:: Supplied material ::

[Start of Attachment]

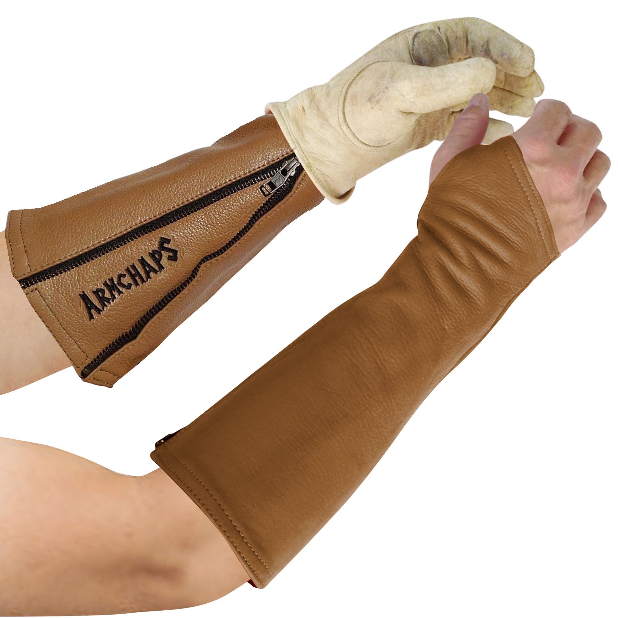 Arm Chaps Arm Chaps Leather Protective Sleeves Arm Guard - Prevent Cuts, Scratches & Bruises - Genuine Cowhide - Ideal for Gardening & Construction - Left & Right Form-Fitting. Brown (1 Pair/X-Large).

[End of Attachment]
[Start of Attachment]

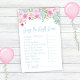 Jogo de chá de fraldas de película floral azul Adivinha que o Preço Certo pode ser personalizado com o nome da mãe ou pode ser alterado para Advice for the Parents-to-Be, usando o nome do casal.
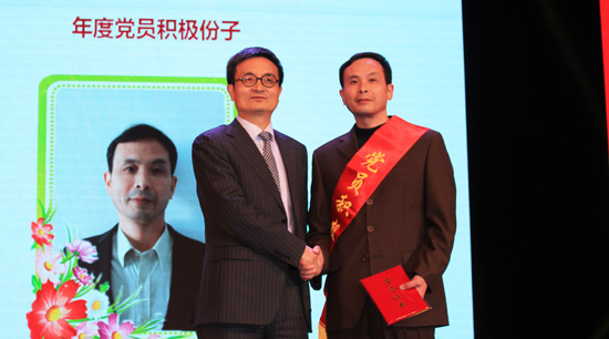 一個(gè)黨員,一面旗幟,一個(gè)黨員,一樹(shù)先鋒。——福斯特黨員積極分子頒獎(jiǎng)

[End of Attachment]

:: Exercise goal ::
In the data above, find the line with "Jogo de chá" and the line with "一個(gè)黨員,一面旗幟,一個(gè)". Please copy exactly those two lines and every line between them, but not the pictures.

:: Response to this task ::
 Jogo de chá de fraldas de película floral azul Adivinha que o Preço Certo pode ser personalizado com o nome da mãe ou pode ser alterado para Advice for the Parents-to-Be, usando o nome do casal.
 一個(gè)黨員,一面旗幟,一個(gè)黨員,一樹(shù)先鋒。——福斯特黨員積極分子頒獎(jiǎng)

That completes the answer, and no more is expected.